# Propiconazole Mixed with TNex



## Dlux4life (Oct 10, 2020)

Hoping this is not a doomsday thread. I applied TNex at the label rate of .75 oz per 1k sq ft and Propiconazole 14.3 at 1 oz per 1k sq ft this morning without understanding Propi's growth suppression effects. I have a mix of 80% kbg and 20% prg. Had anyone on here experienced this before? Any suggestions on what can be done or what I may be expecting on the coming days / weeks?


----------



## JerseyGreens (Aug 30, 2019)

What are your temps the next few days? Honestly that is a very high dose of PGR for a KBG/PRG lawn...good thing you didn't have a higher dose of Propi.

It's going to start looking over regulated and crappy as early as tomorrow.

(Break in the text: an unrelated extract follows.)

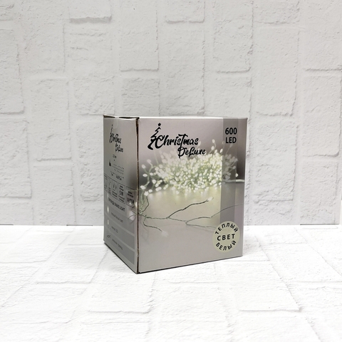 Особенностью данной гирлянды является использование 600 микроламп теплого белого цвета. Это обеспечивает мягкое и приятное освещение, которое создает уютную и теплую атмосферу.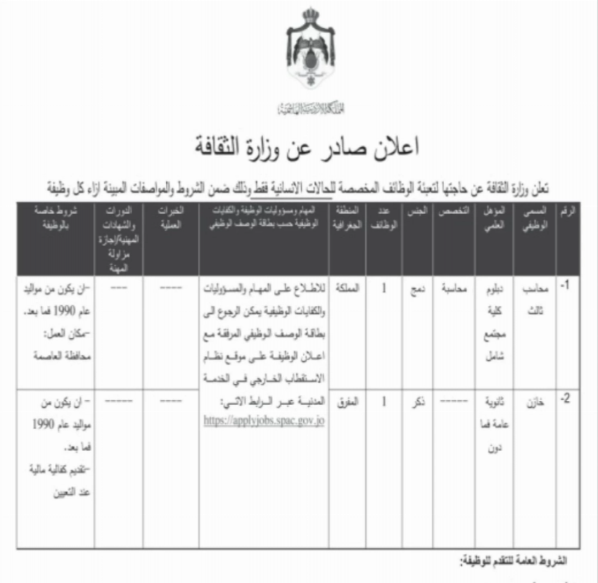 أعلنت وزارات ومؤسسات حكومية، اليوم الأحد عن حاجتها لتعبئة وظائف شاغرة.

Will take some time for it to recover but nothing doomsday...you probably didn't kill your lawn.

Was this your first time using PGR?


----------



## SNOWBOB11 (Aug 31, 2017)

What is your current cutting hight?


----------



## Dlux4life (Oct 10, 2020)

This was the 3rd time applying the t-nex this season. I'm about 45 min north of Boston. I'm looking at 90 tomorrow and then a stretch of mid 70's the next 5 days. Rain off and on.

The .75 oz per 1k sq ft was the label rate on the tnex brochure for a kbg/ prg mix. Is it normal to put down lesser applications of it?

My current hoc is .7".

What do you mean by over regulated looking?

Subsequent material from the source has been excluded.